South Korea, home to the world’s biggest maker of smartphones and memory chips and a powerhouse manufacturer of everything from cars to ships, raised its benchmark rate to 1.5 percent on Thursday. But Governor Lee Ju-yeol made it clear he’s in no hurry to raise rates again, telling reporters that policy will remain accommodative.
“So long as CPI inflation stays benign–-our base case-–it should be a very gradual tightening cycle in Asia,” said Rob Subbaraman, chief economist for Asia at Nomura Holdings Inc. in Singapore. “With high domestic debt, many Asian countries’ domestic demand is more sensitive to rate hikes than before. It is important to note that this is reducing accommodation. Asian monetary policy is far from tight.”
With debt levels surging, policy makers in the region are keen to use a period of faster economic growth to move interest rates from record lows. But those debt levels mean each rate increase could be painful, dictating a softly-softly approach.
And the trend is likely confined to the small and mid-sized Asian economies for now. The world’s second- and third-largest economies, China and Japan, are probably some way off tightening, Tom Orlik of Bloomberg Economics said in an email.
The People’s Bank of China is focused on a campaign to rein in risk in the financial system rather than inflation, while the Bank of Japan remains a long way from its 2 percent inflation target. India, meanwhile, is focused on stoking growth.
Still, a surge in trade fueled by demand for electronics goods has proved more durable than expected, sending Asian exports to record levels and boosting corporate profits and economic growth. If those trends are sustained into 2018, Asia’s central banks are set to start falling in line with a global shift toward higher borrowing costs.
“The Bank of Korea move is a reminder that the recovery in global trade has changed conditions for Asia’s exporters,” Orlik said.
As for who may be next in Asia to raise interest rates, there are two top contenders.
A booming economy has prompted some economists to predict Bank Negara Malaysia may raise interest rates as early as its first meeting of 2018 on Jan. 25, even as inflation remains contained.

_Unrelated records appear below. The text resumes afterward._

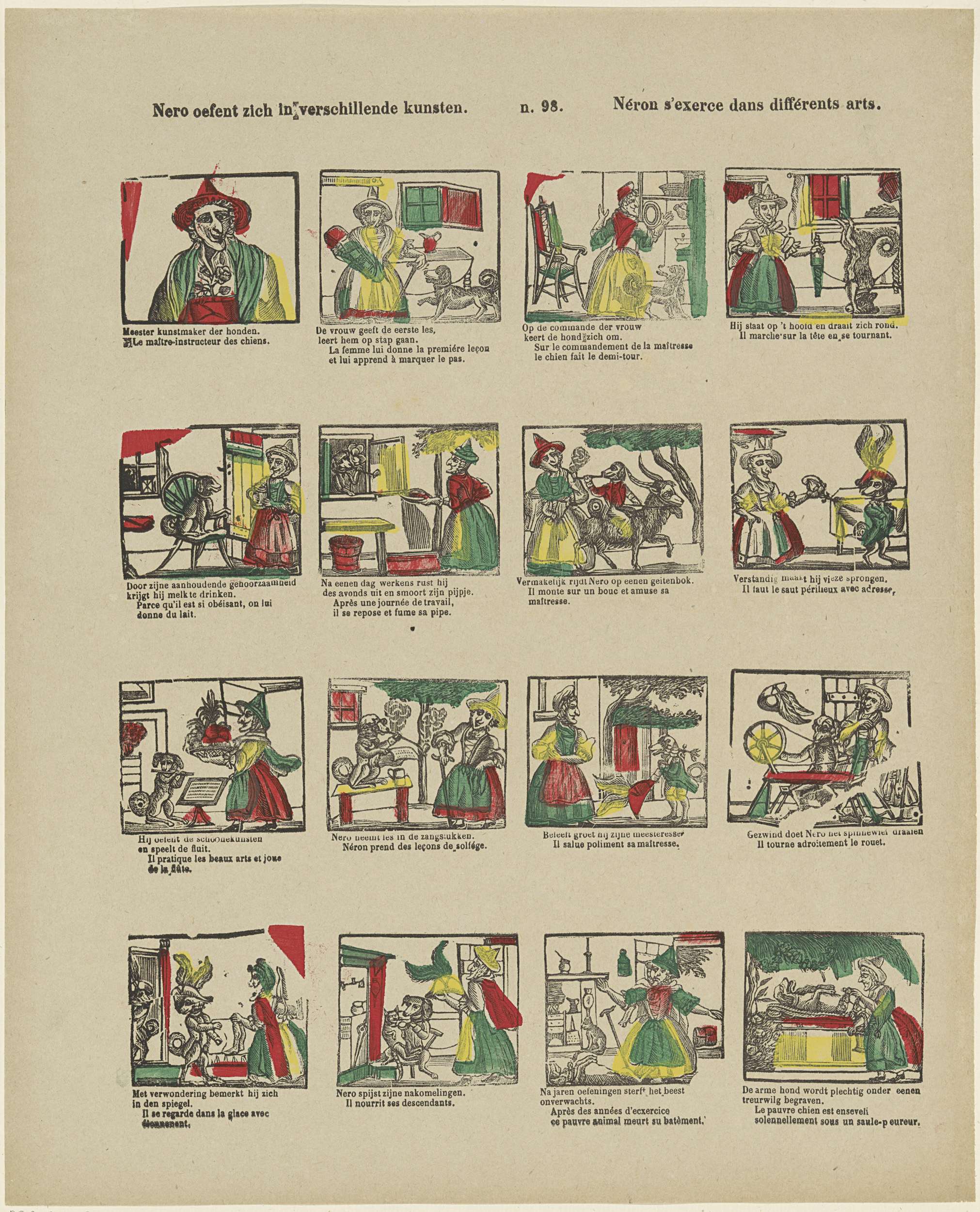 Blad met 16 voorstellingen van de hond Nero die kunstjes geleerd krijgt van zijn bazin. Onder elke afbeelding een tweeregelig vers in het Nederlands en in het Frans. Genummerd midden boven: n. 98.
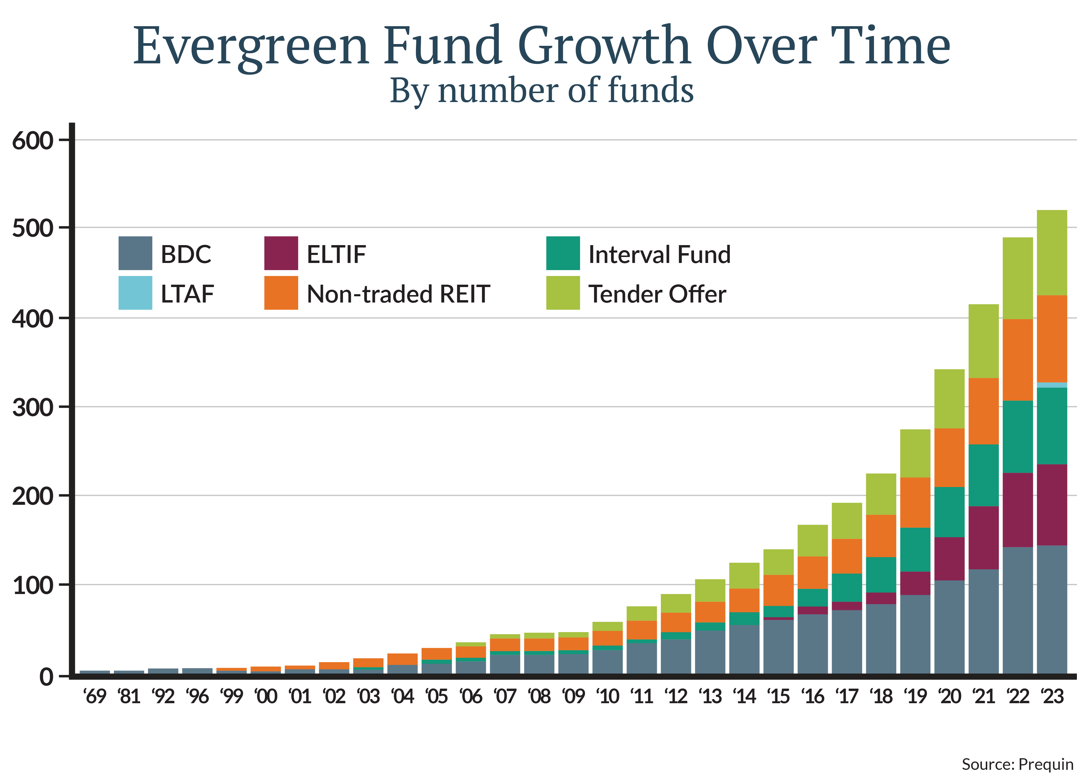 Some of these are so-called evergreen funds, named for their contrast with traditional limited-term structures such as private equity funds.The following chart shows the increase in several types of evergreen funds that are getting significant attention from investors and their advisors in recent years. These fund structures allow investors to allocate to the strategies daily or monthly, and commonly provide exit opportunities on a quarterly basis.
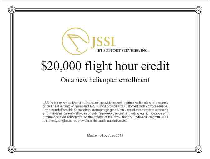 JSSI is offering $20,000 flight hour credit on a new helicopter enrollment. JSSI is the only hourly cost maintenance provider covering virtually all makes and models of business aircraft, engines and APUs. JSSI provides its customers with comprehensive, flexible and affordable financial tools for managing the often unpredictable costs of operating and maintaining nearly all types of turbine-powered aircraft, including jets, turbo-props and turbine-powered helicopters. As the creator of the revolutionary Tip-to-Tail Program, JSSI is the only single source provider of this trademarked service
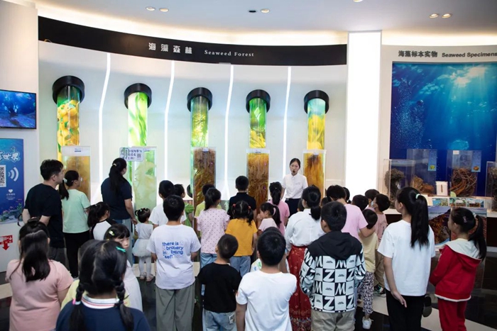 與此同時(shí),孩子們?cè)谥v解員的陪伴下,參觀了中國(guó)海藻科技館與海藻部落,通過(guò)互動(dòng)體驗(yàn)、科普講解等形式,近距離感受了海藻的神奇魅力與廣泛應(yīng)用。那些色彩斑斕、形態(tài)各異的海藻標(biāo)本,以及通過(guò)高科技手段展現(xiàn)的海藻生長(zhǎng)過(guò)程,讓孩子們瞪大了眼睛,滿是好奇與驚嘆,對(duì)海洋的奧秘充滿了無(wú)限向往。
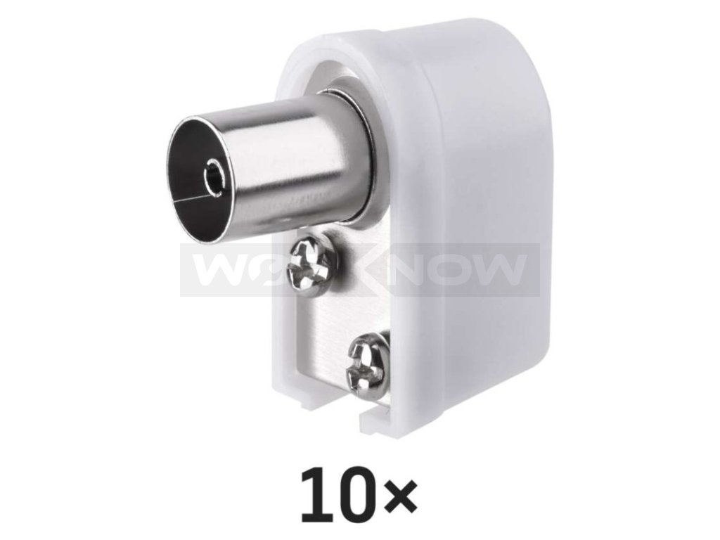 IEC konektor úhlová zásuvka je určen k napojení na koaxiální kabel a má bílou barvu. Prodává se po 10 ks a je plastový.
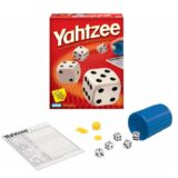 Box set includes: 1 Yahtzee shaker, 5 dice, 1 score pad and game guide.
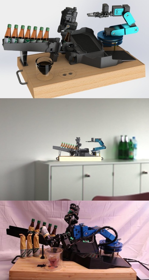 Here is a robot that can pour you a drink, collect the cap, and deposit the bottle into a recycle bin. The Desktop Bartender Robot is developed by Seearress Designs. It comes 100% assembled. You simply need to use herbal bitter mini drink bottles to get this machine working. The above GIF shows how this robot works.
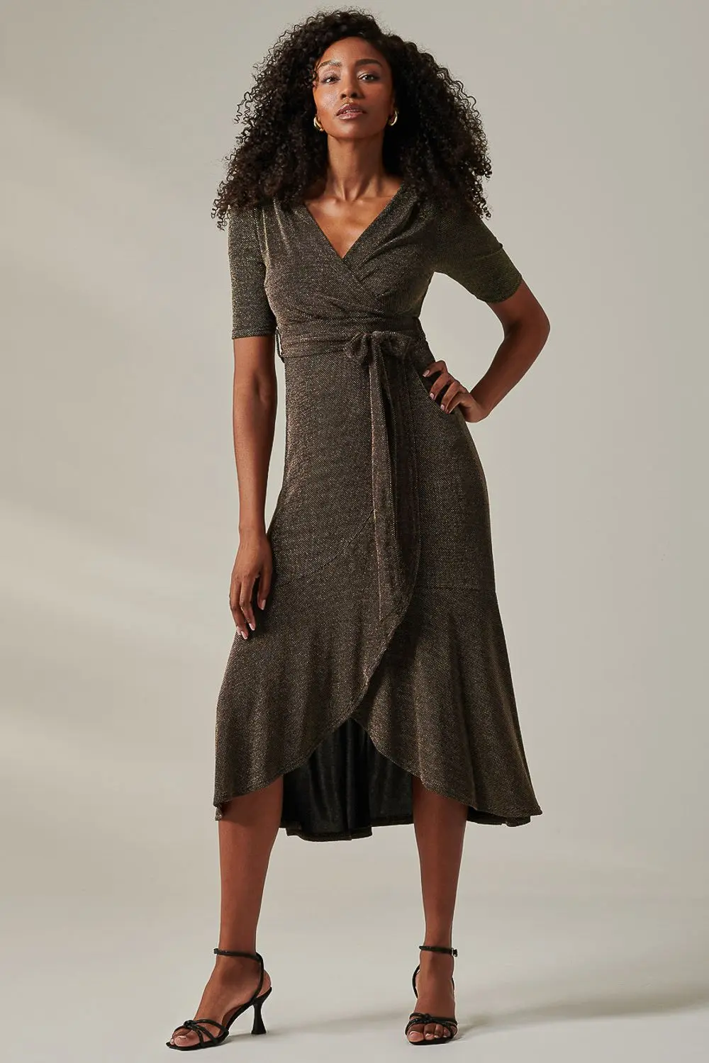Perfect for special occasions, this dress combines style and ease with a touch of shimmer.Featuring half sleeves and a flattering wrap-over v-neckline, this dress is designed to accentuate your silhouette. The self-tie waistband allows for a customizable fit, while two side pockets add practical convenience. The dress cascades down to a frill flared hemline, enhancing its graceful movement. Finished with a back zip fastening.
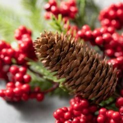 18.5 In. Natural Brown And Red Glitter Unlit Artificial Christmas Wreath With Pine Cones

A recovery in exports and strong growth in consumption fueled the economy’s 6.2 percent expansion last quarter, the fastest pace since 2014. Governor Muhammad Ibrahim has said any adjustment would be a “normalization” rather than a tightening.
Gross domestic product rose 6.9 percent in the third quarter from a year ago, exceeding even the most bullish forecast in a Bloomberg survey of economists. The International Monetary Fund has warned that the Philippines must be ready to tighten.
The other factor Asia’s central bank chiefs must weigh: how many times will the Federal Reserve raise in 2018 after a widely anticipated move in December. While Asia had managed to decouple from the Fed’s moves since late 2015, that may not be the case next year.
“The Bank of Korea kicked off Asia’s tightening cycle today,” said Frederic Neumann, co-head of Asian economics at HSBC Holdings Plc in Hong Kong. “After a long stretch of highly accommodative monetary policy across the region, monetary officials are itching to push rates higher.”